Student-privacy laws complicate schools’ ability to prevent attacks
Via: The Seattle Times

This story continues the myths surrounding state and federal student records privacy laws. Persistent misperceptions exist about the role of FERPA in the safe schools movement. This need not be. Every educator needs to understand FERPA and its impact on interagency collaboration—especially after Columbine. It is still true that FERPA remains focused on what Congress in 1974 saw as growing evidence of abuse of access to student records. Attracting specific concern were incidents of access to student records without parental notice or consent, lack of a consistent system for governing access to records by other agencies, and failure to disclose disciplinary information to parents. It is equally clear that FERPA provides a strict framework to deter abusive practices by conditioning the availability of federal funds to schools that comply with its regulations.
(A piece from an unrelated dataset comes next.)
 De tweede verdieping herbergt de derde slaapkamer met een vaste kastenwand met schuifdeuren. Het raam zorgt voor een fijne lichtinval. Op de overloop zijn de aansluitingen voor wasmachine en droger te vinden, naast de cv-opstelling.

However, both Congress and the courts have clarified what constitutes a violation of FERPA’s privacy provisions. Congress has refined a list of the circumstances when disclosure is permitted without prior written consent. It includes disclosures that are made:

• To comply with a judicial order or lawfully issued subpoena, 34 CFR 99.31(a)(9);

• In connection with a health or safety emergency, 34 CFR 99.31(a)(10);

• To provide “directory information” (student name, address, date of birth, dates of attendance, etc.), 34 CFR 99.37;

• To state and local officials in compliance with a state statute that requires or authorizes information sharing, 34 CFR 99.31(a)(5), 99.38;

• To provide information from the school’s law enforcement unit records file that is usually maintained by the SRO, 34 CFR 99.3, 99.8;

• To other school officials, including teachers, within the school or school district, 34 CFR 99.31(a)(1);

• To officials of another school, school system, or postsecondary institution where the student seeks or intends to enroll, 34 CFR 99.34; and

• To teachers and school officials in other schools when the information concerns disciplinary action taken against the student for conduct, 34 CFR 99.36.
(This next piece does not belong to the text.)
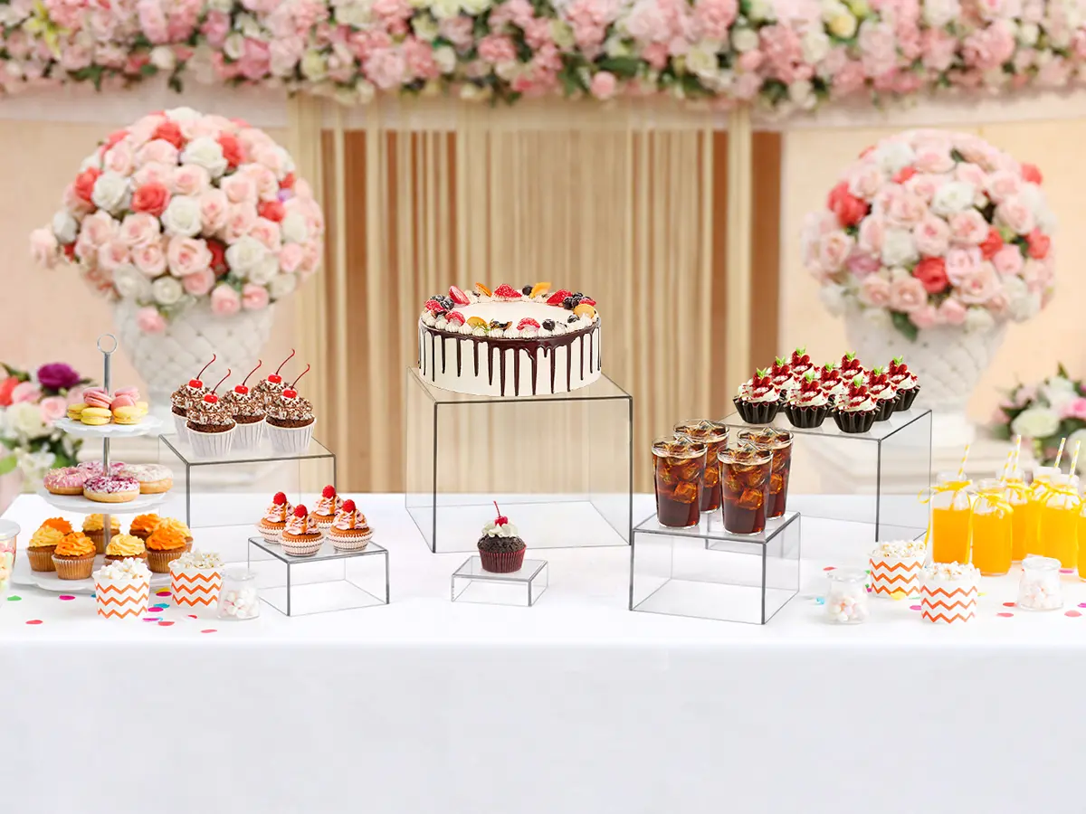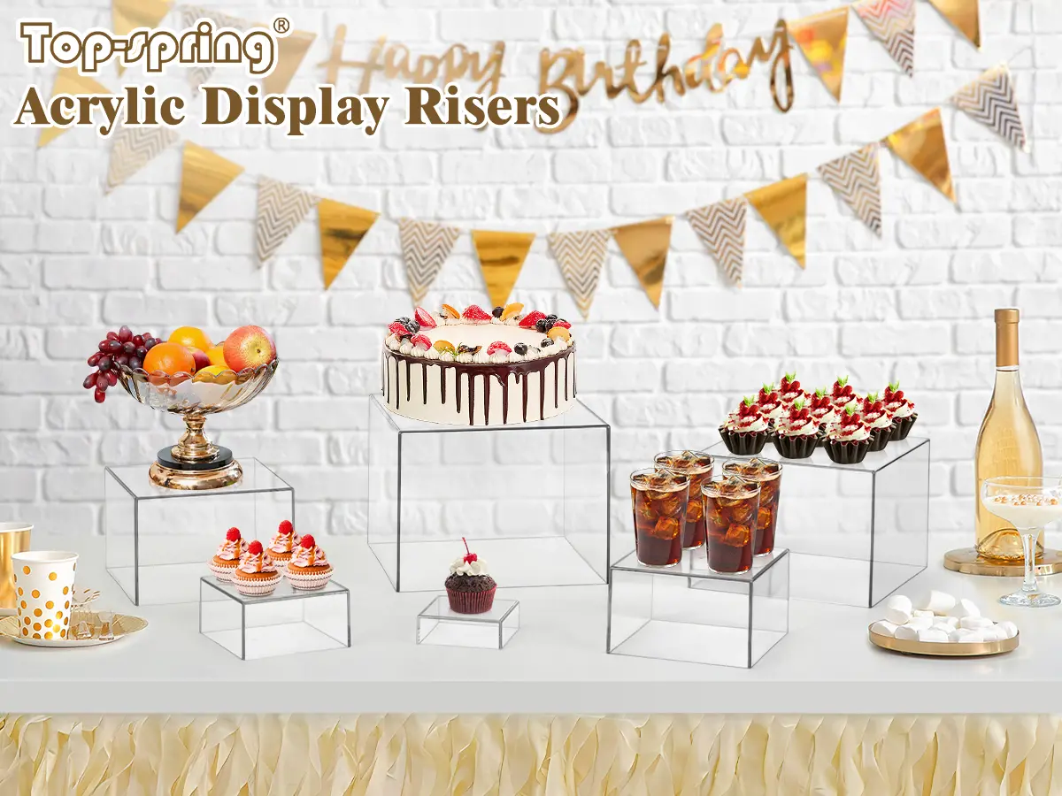 Premium Acrylic Risers: Crafted from premium acrylic, these acrylic display risers offer a sleek surface that wipes clean easily. The sturdy structure provides reliable support for various items, such as cake stands, dessert stands, food risers for buffet table, figure or jewelry display stands.

A majority of States now permit or require school officials to share information when it is in the best interests of campus safety and child protection. It is not a matter of whether educators can share. Instead it is a matter of when, to whom, and under what circumstances. FERPA is simply not the impediment most think it to be.

As to HIPAA, it is difficult to conceive of a school district to which its privacy regulations apply. It simply does not control the question of records dissemination policies. See Joint Guidance on the Application of (FERPA) and (HIPAA) to Student Health Records.